*** Opening of Dataset records ***
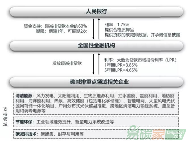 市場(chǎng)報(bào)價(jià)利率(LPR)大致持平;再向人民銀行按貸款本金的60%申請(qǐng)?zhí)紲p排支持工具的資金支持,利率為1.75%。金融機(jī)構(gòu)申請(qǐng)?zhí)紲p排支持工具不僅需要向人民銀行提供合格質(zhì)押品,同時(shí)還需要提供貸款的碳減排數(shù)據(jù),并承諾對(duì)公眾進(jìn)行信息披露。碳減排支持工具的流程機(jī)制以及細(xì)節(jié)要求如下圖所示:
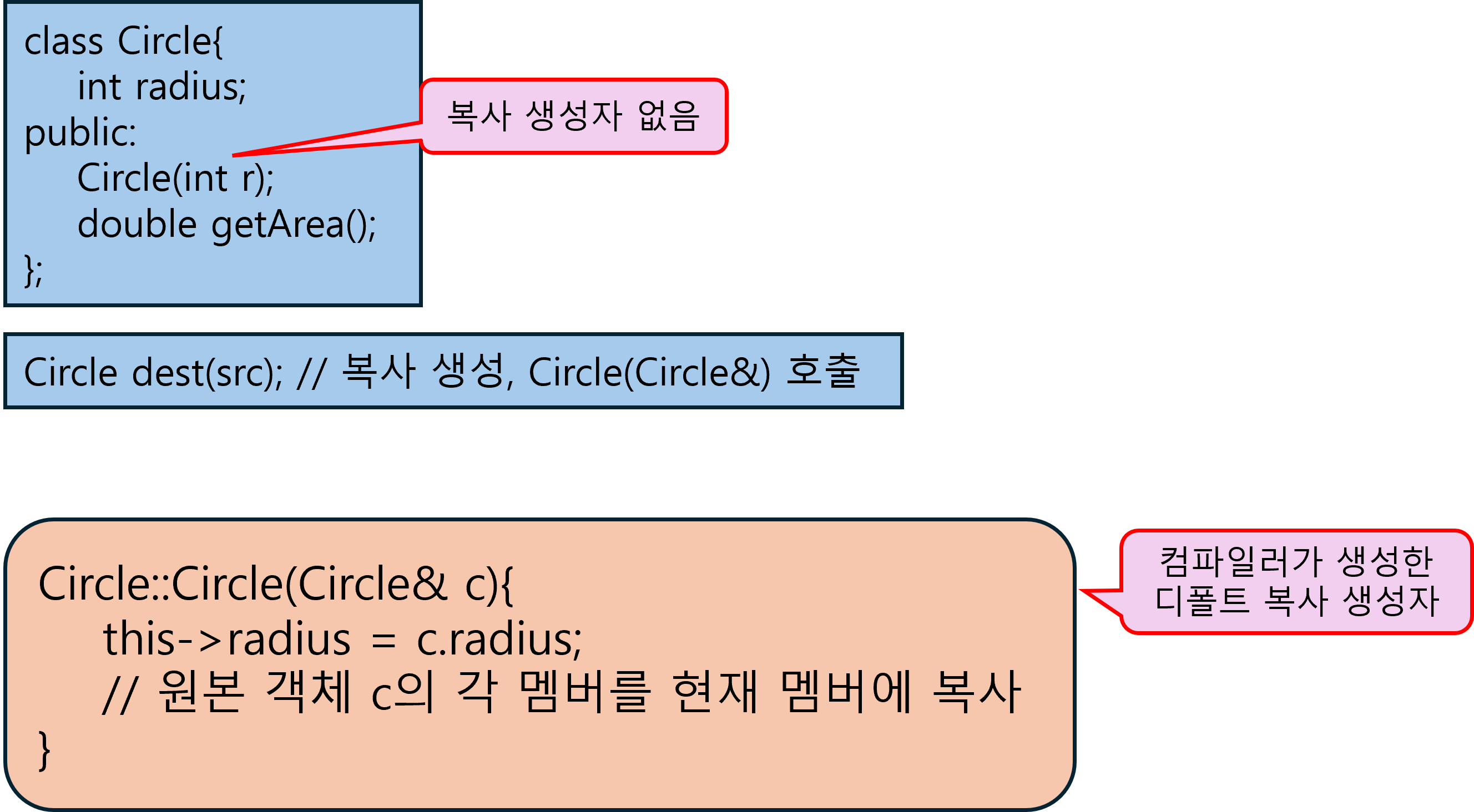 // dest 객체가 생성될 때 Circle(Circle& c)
*** Close of Dataset records ***
*** Opening of Dataset records ***
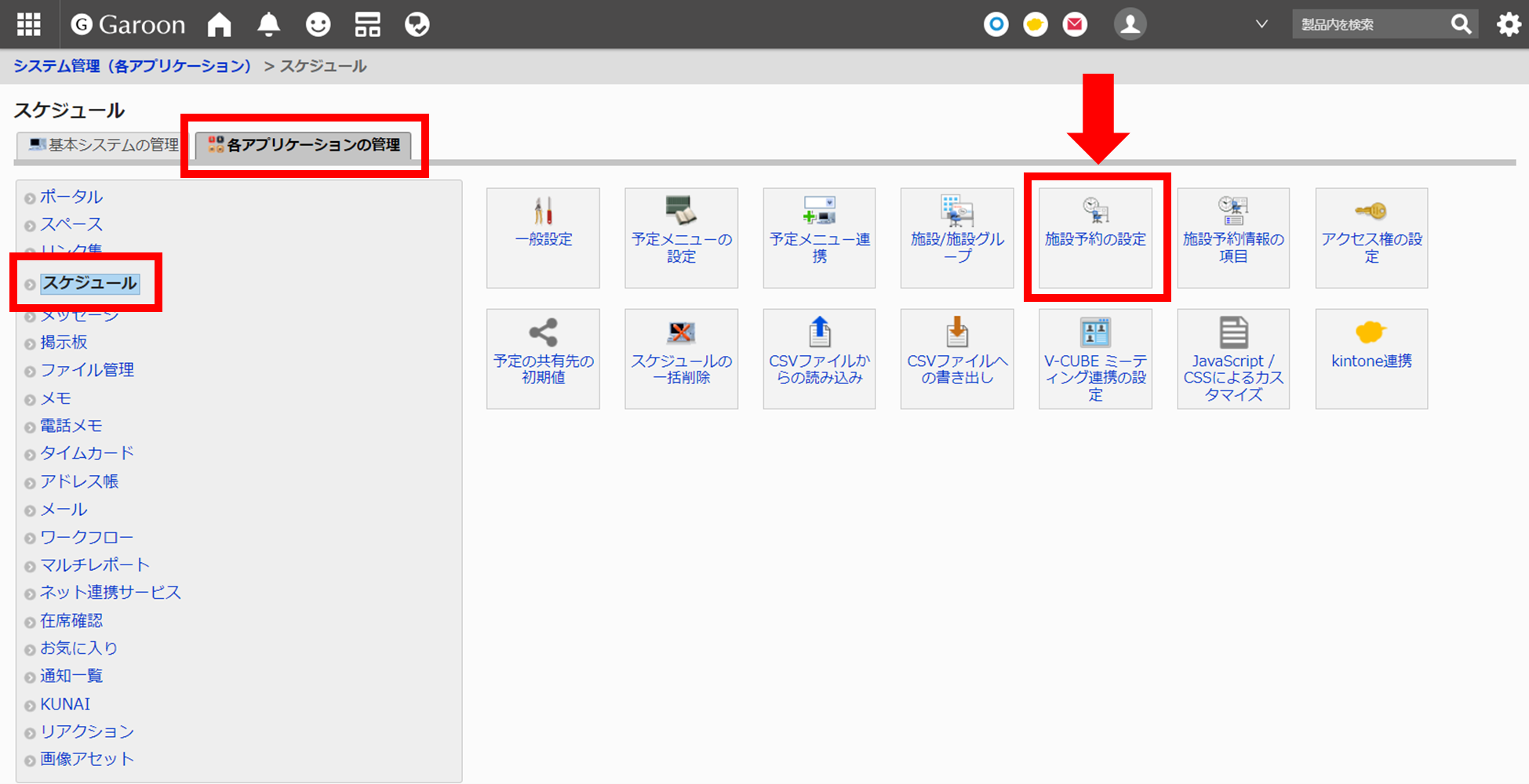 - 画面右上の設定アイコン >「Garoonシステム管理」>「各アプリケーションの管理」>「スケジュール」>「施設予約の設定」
*** Close of Dataset records ***
*** Opening of Dataset records ***
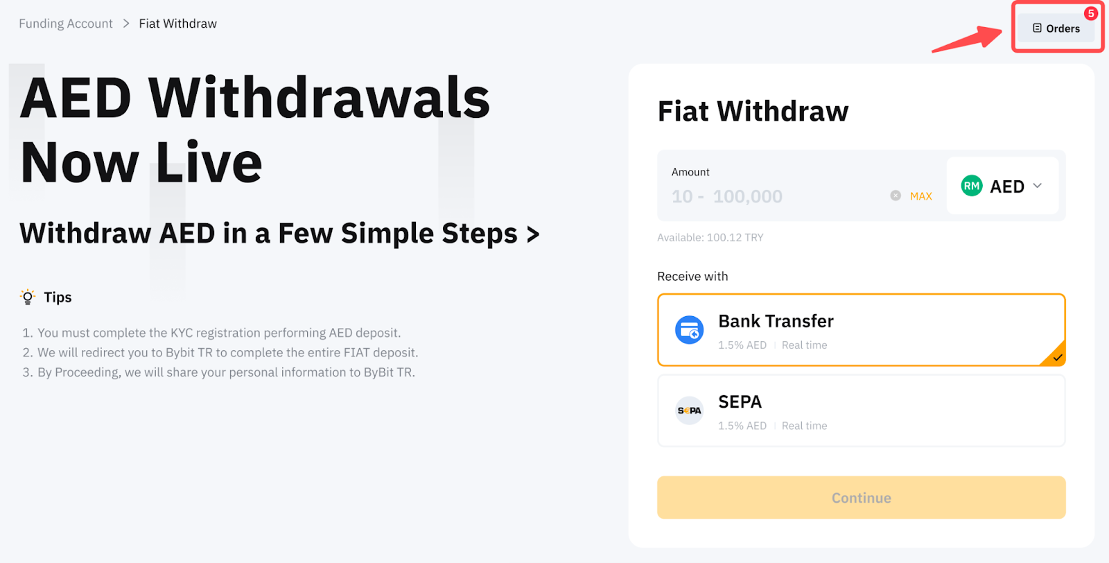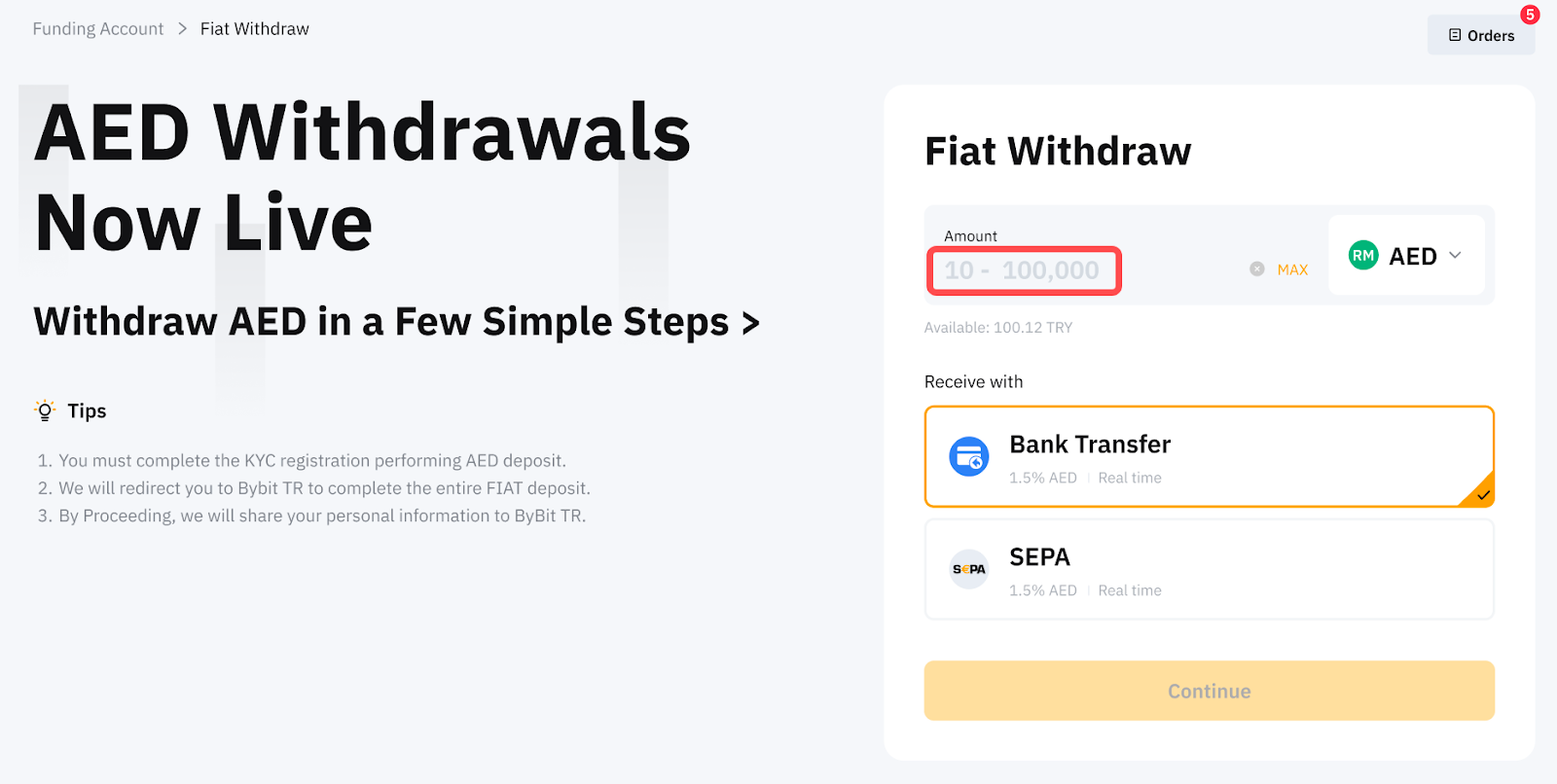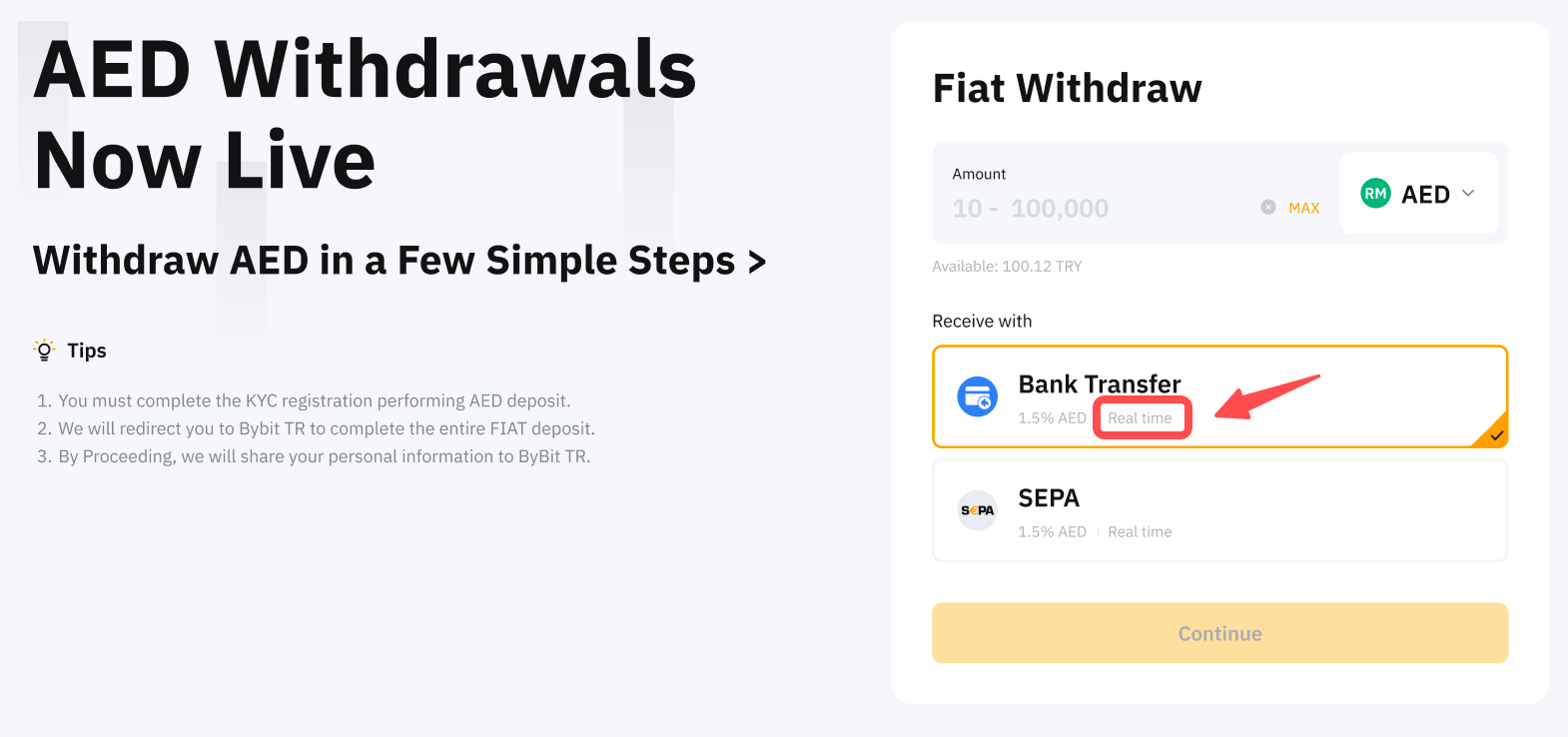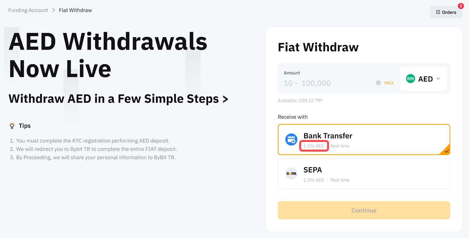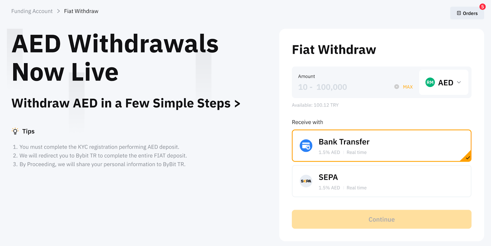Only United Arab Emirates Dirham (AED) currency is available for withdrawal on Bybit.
*** Close of Dataset records ***
### Activity:
From the data above, return exactly the lines from the one with "市場(chǎng)報(bào" up to and including the one with "때 Circle(Circle& c)". Pictures do not go in the copy.

### Answer to the exercise:
 市場(chǎng)報(bào)價(jià)利率(LPR)大致持平;再向人民銀行按貸款本金的60%申請(qǐng)?zhí)紲p排支持工具的資金支持,利率為1.75%。金融機(jī)構(gòu)申請(qǐng)?zhí)紲p排支持工具不僅需要向人民銀行提供合格質(zhì)押品,同時(shí)還需要提供貸款的碳減排數(shù)據(jù),并承諾對(duì)公眾進(jìn)行信息披露。碳減排支持工具的流程機(jī)制以及細(xì)節(jié)要求如下圖所示:
 // dest 객체가 생성될 때 Circle(Circle& c)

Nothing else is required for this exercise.